Search code examples
randomstatisticsprobabilitystatistical-sampling

Sampling on a aggregated dataset


Input is a dataset where every row contains for an event, say click. The member ID is a unique ID. sample data: M1,100 M2,100 M3,50 M4,50 The goal is to sample 1% of the clicks, where total clicks are given by summing up all clicks across all member IDs. If I wish to sample 1% on the sample dataset, I wish to apply a technique that samples the click counts randomly and produces 1% or 3 clicks, something like: M1, 1 M2, 1 M4, 1 or some other combination where the sum of clicks across members is 1%.

One basic approach is to explode all entries in the input and have as the data, then sample 1% from it. This would be very slow/inefficient if there are millions of members with 100s of click counts. Looking for a better solution where no explosion of data is needed?


Solution

  • It seems like the obvious thing to do is to sample from users, with probability of each user proportional to the number of clicks for them, and then select a click uniformly at random for the given user. In the example you gave, that means select users with probabilities 100/300, 100/300, 50/300, and 50/300, and then select a click from the given user.

    You can sample proportional to weights (100/300, 100/300, 50/300, 50/300 here) by generating a random number p between 0 and 1 and then finding the smallest k (k = 1, 2, 3, ... #weights) such that the sum of the weights from 1 to k is less than or equal to p.

    An efficient way to find k is construct a list of the partial sums of weights (i.e. 0, w1, w1 + w2, w1 + w2 + w3, ...) and then carry out a binary search (not linear) on that list. A binary search will yield time per sample which grows logarithmically with the number of weights (users in your case), while linear search yields linear growth.

    EDIT: An example. Given n = 10 users with N = (100, 160, 200, 20, 500, 550, 400, 300, 120, 80) events, respectively. Total events = 2430, and weights w = (10/243, 16/243, 20/243, 2/243, 50/243, 55/243, 40/243, 10/81, 4/81, 8/243). Partial sums of weights S = (0, 10/243, 26/243, 46/243, 16/81, 98/243, 17/27, 193/243, 223/243, 235/243, 1). (NOTE: I was mistaken before; the sequence should be (0, w1, w1 + w2, w1 + w2 + w3, ..., w1 + ... + w[n - 1], 1).)

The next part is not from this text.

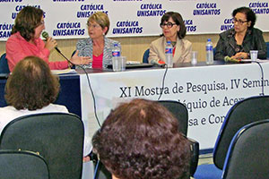 Ainda como parte da programação do evento, foi realizada a mesa-redonda “Relação universidade-escola”, organizada pelo Programa de Mestrado e Doutorado em Educação e que integrou a IX Mostra de Pesquisa, IV Seminário Parfor e IX Colóquio de Acervos Escolares: Pesquisa e Compromisso Social. Com a discussão focada no estágio escolar, na práxis docente e políticas educacionais, participaram as professoras doutoras Selma Garrido Pimenta, Marineide de Oliveira Gomes e a professora mestre Simone Nogueira, sob a coordenação da professora doutora Maria Amélia do Rosário Santoro Franco.

    Given a random number x between 0 and 1, find (by binary search) the index of the partial sum such that S[i] <= x < S[i + 1]. Then select an event uniformly at random from the N[i] events for user i.

    I assume that you can carry out the binary search and the sampling from the per-user events so I won't write out that part.

    EDIT2: Fixed up formula for list of partial sums. The list has n + 1 elements; searching for i such that S[i] <= x < S[i + 1] will therefore yield i = 1, 2, 3, ..., n. The final element, 1, won't ever be selected, assuming the random number is always less than 1.